What to produce: Under this line is some data; print exactly the lines from the one containing "Soumya Blue Geometrical" through its last line, without pictures.

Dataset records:
######

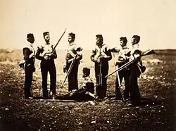 By the end of February the regiment had been rearmed with the new Enfield rifle, replacing the smoothbore musket they had started the campaign with.[116] A second, much larger sortie of some 2,000 men which took place on the night of 11 May was faced by detachments from the Rifle Brigade, 46th Foot and 250 men from the 68th. A party of Russians succeeded in spiking a gun but were driven off with the loss of six dead and 22 wounded. Pte John Byrne was again prominent, and Captain Hamilton was to win the Victoria Cross.[117][118]
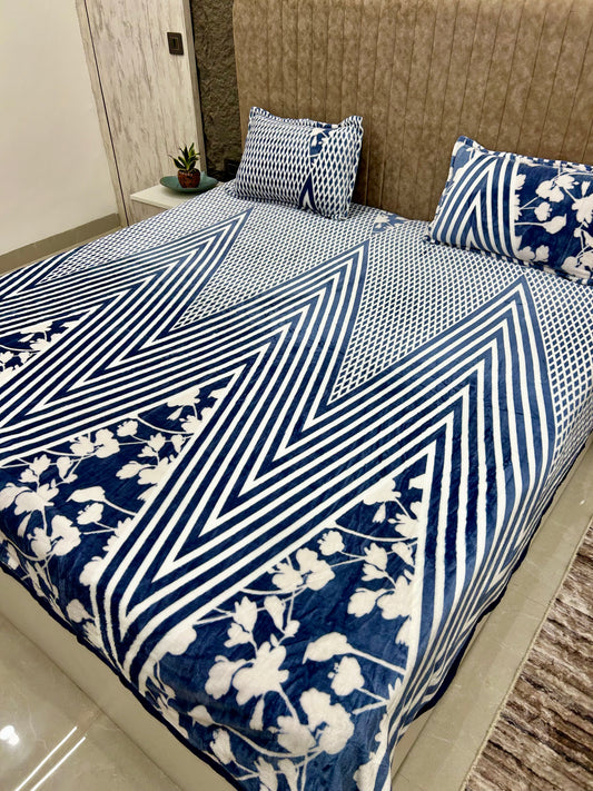 Soumya Blue Geometrical Warm Double Bedsheet with 2 pillow covers
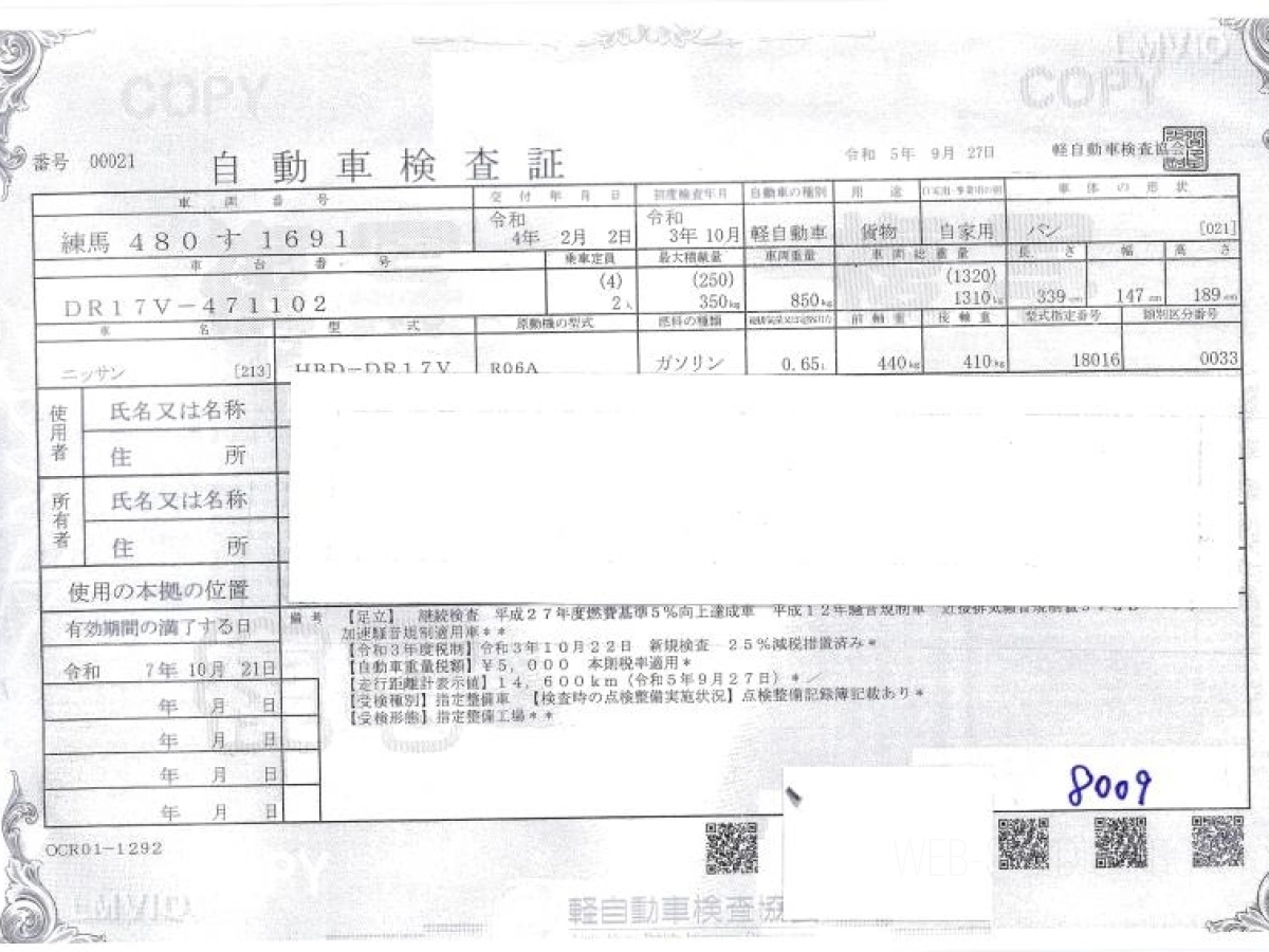 Номер кузова: DR17V.
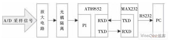 本設(shè)計(jì)采用廉價(jià)的51 單片機(jī)作為信號(hào)采集器,51單片機(jī)將采集的數(shù)據(jù)通過(guò)RS232串口發(fā)送給PC,PC再對(duì)這些數(shù)據(jù)進(jìn)行記錄和分析并且繪制波形。 硬件部分的結(jié)構(gòu)如圖1所示。
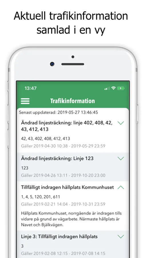 Funktionen Trafikinformation rapporterar om eventuella trafikstörningar eller förseningar.
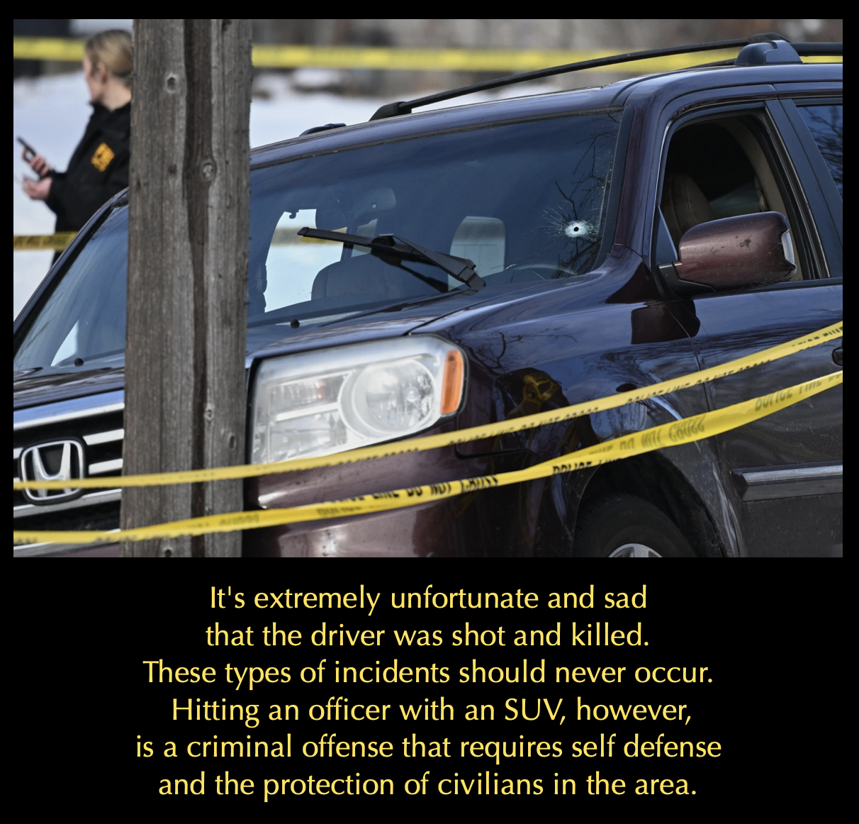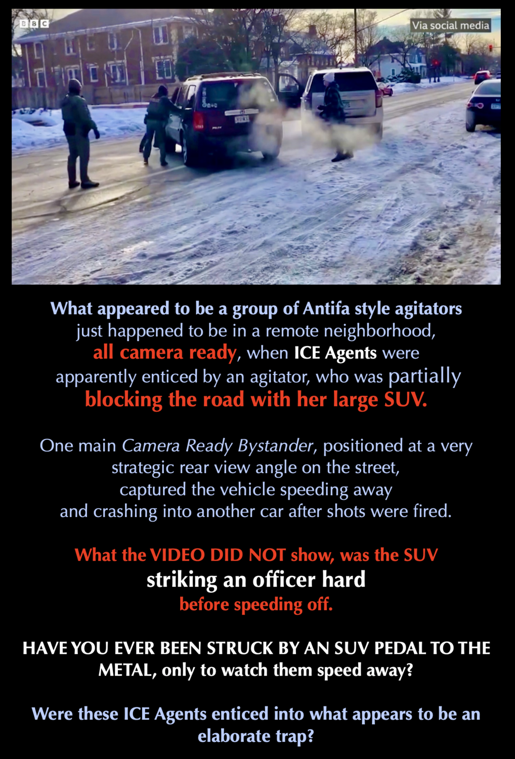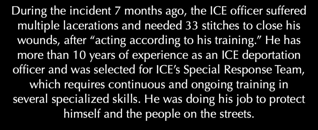 This Camera Ready Bystander, who happened to capture the rear view of the incident, began to SCREAM, “SHAME SHAME SHAME” to the ICE officers, howling expletives and outrage loud enough for the entire neighborhood to hear, leaving out the fact that the officers were defending themselves against an attack of hit and run.
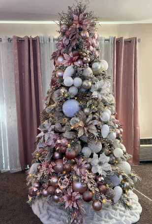 This Christmas tree glows with elegance, blending soft blush tones with frosty accents for a look that feels dreamy and refined. Layers of pale pink, champagne, and white ornaments fill every branch, catching the light in a gentle shimmer.
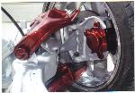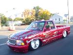 Shaved everything, Suicide doors, sheet metal bed, caddy tails, hand fabricated 2" cowl hood, 98 Sonoma front end swap R-M Carrizma Candy Apple Red paint with lots of flames.

######

Task answer:
 Soumya Blue Geometrical Warm Double Bedsheet with 2 pillow covers
 Номер кузова: DR17V.
 本設(shè)計(jì)采用廉價(jià)的51 單片機(jī)作為信號(hào)采集器,51單片機(jī)將采集的數(shù)據(jù)通過(guò)RS232串口發(fā)送給PC,PC再對(duì)這些數(shù)據(jù)進(jìn)行記錄和分析并且繪制波形。 硬件部分的結(jié)構(gòu)如圖1所示。
 Funktionen Trafikinformation rapporterar om eventuella trafikstörningar eller förseningar.
 This Camera Ready Bystander, who happened to capture the rear view of the incident, began to SCREAM, “SHAME SHAME SHAME” to the ICE officers, howling expletives and outrage loud enough for the entire neighborhood to hear, leaving out the fact that the officers were defending themselves against an attack of hit and run.
 This Christmas tree glows with elegance, blending soft blush tones with frosty accents for a look that feels dreamy and refined. Layers of pale pink, champagne, and white ornaments fill every branch, catching the light in a gentle shimmer.
 Shaved everything, Suicide doors, sheet metal bed, caddy tails, hand fabricated 2" cowl hood, 98 Sonoma front end swap R-M Carrizma Candy Apple Red paint with lots of flames.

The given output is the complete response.